That view - from the hawkish-leaning chief of the Cleveland Fed and from the centrist head of the San Francisco Fed - is at odds with the view of many traders, whose bets in the interest-rate futures markets suggest they have all but discounted a June rate hike and now expect the Fed to wait until December before raising rates for the first time since 2006.
The Fed has kept interest rates near zero since December 2008.
The key, both Loretta Mester, president of the Cleveland Fed, and John Williams, president of the San Francisco Fed, said, is that by a quirk of the calendar there will be two more months of data for many of the key gauges the Fed follows, including the U.S. jobless rate, jobs gains, retail sales and others.
All scheduled Fed policy meetings, including the next one, in June, are "on the table," Mester told reporters in Philadelphia. "There are a whole bunch of data releases that will come out between now and June. But to me the employment reports will be indicative of a lot."
The U.S. economy's weak winter performance, including near-zero growth in gross domestic product, has pushed back market expectations for a policy tightening to September or December, when key Fed meetings are also scheduled.

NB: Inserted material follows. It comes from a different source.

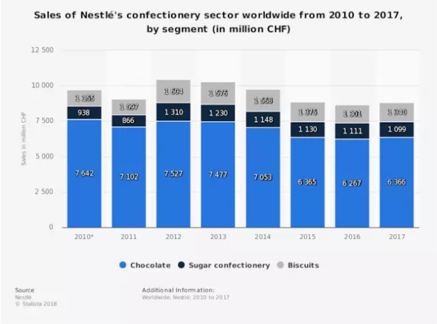 自 2012 年以来,随着消费者减少垃圾食品和含糖食品的摄入,雀巢的甜食业务整体也呈下降趋势,今年它还把旗下三个糖果品牌卖给了意大利巧克力制造商费列罗。

Yet the Fed has telegraphed a rate hike this year, and unemployment, at 5.5 percent, is not too far from what many economists believe represents full employment.
"I agree with the way my colleague Loretta Mester put it," Williams told reporters after a speech at Chapman University, repeating Mester's phrase that all meetings are "on the table."
"Really positive data trends, improvement in the labor market, signs that improve the confidence and the expectation that inflation will move back to 2 percent - I mean could imagine that constellation of data coming in, whether before June or meetings right after that too," Williams said. "But that would require the data to be good."
Both Mester and Williams pointed to recent data showing inflation may be firming, suggested they are gaining confidence it is heading toward the Fed's 2 percent target.
Looking beyond the Fed's first rate hike, Williams said the U.S. central bank should put some "space" between the start of policy normalization and the decision to allow the Fed's giant balance sheet to shrink.